If the lessons haven’t been learnt from the short-comings of the examples of market failure given here, will they be applied to the second round of the EU-ETS?
The evidence appears to be no. A working paper released in November 2006 by German researchers said that of the 25 Phase 2 National Allocation Plans (NAPs) submitted for EU approval, 18 were too generous, and many of the caps that have been set are above 2005 emissions levels.
A group of 50 economists, led by Professor Michael Grubb from Cambridge University and Dr Ottmar Edenhofer from the Potsdam Institute for Climate Impact Research, submitted a statement to Environment Commissioner Stavros Dimas saying that if the cuts made under Phase 2 were to be consistent with Kyoto targets, then current allocations would have to be cut back by about 10 per cent.
There have been marginal increases in the number of permits being auctioned to industry rather than given as a windfall, but there is resistance from the business community to paying more for quotas.

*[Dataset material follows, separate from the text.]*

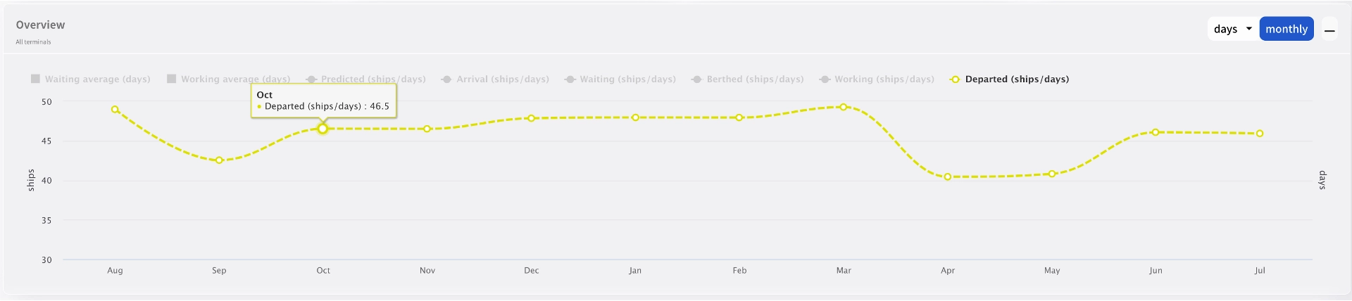 On the other hand, âBerthedâ shows information for the most recent day, so you can see trends in the latest working conditions for that port.
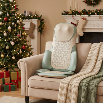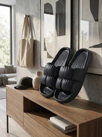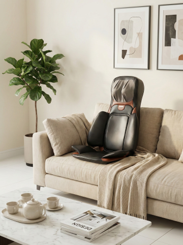产品精修优化,现代极简客厅空间,柔和自然光从窗外洒入,整体色调温暖中性。产品放在沙发上,地上灰色毛毯,搭配浅色抱枕,质地柔软舒适。背景墙为浅灰白色,挂有两幅简约艺术画。床头柜上摆放暖橙色台灯、书籍、香薰瓶和小装饰物。地面为浅木色地板,铺有浅色地毯与几何图案地毯。画面前景可见小茶几,上有书本与氛围灯。整体光线自然,构图平衡,以生活感和舒适氛围为主,风格温馨、现代、日系家居杂志感,中景构图,清晰高质感摄影棚布光。

Andrew Sentance, a member of the Monetary Policy Committee at the Bank of England, stated, ‘If emissions trading started to be used effectively as a big money-raising scheme through auctioning permits I think business would grow more sceptical.’
With all the uncertainty and doubt surrounding emissions trading it seems like an enormous gamble, given the need to act as quickly as possible, to place so much faith in the market being able to solve the problem of climate change.
Previous experiences of emissions trading have taken place on a far smaller scale than is being attempted with the greenhouse gases, with at best mixed results. Before the implementation of Kyoto there were many examples of innovative and successful legislation introduced unilaterally by governments in order to reduce CO2 emissions that were not reliant on trading schemes.
In the 1990s Denmark introduced a variety of ‘green taxes’, including an energy tax, the revenues from which were recycled into subsidies for energy saving projects.
In 1991, Germany provided the wind-power industry with a huge boost in the form of feed-in tariffs, and the wider renewable energy industry benefited when this legislation was improved and expanded in 2000 with the Renewable Energy Sources Act.
Waiting yet more years to learn further lessons from the next round of ineffective emissions trading is a luxury we don’t have. However politically unfashionable it may be, and however inimical it is to the business community, there is an urgent need to return to the tried and tested means that do deliver real results in terms of emissions reductions, such as stricter regulation, oversight and penalties for polluters on community, local, national and international levels, as well as support for communities adversely impacted by climate change.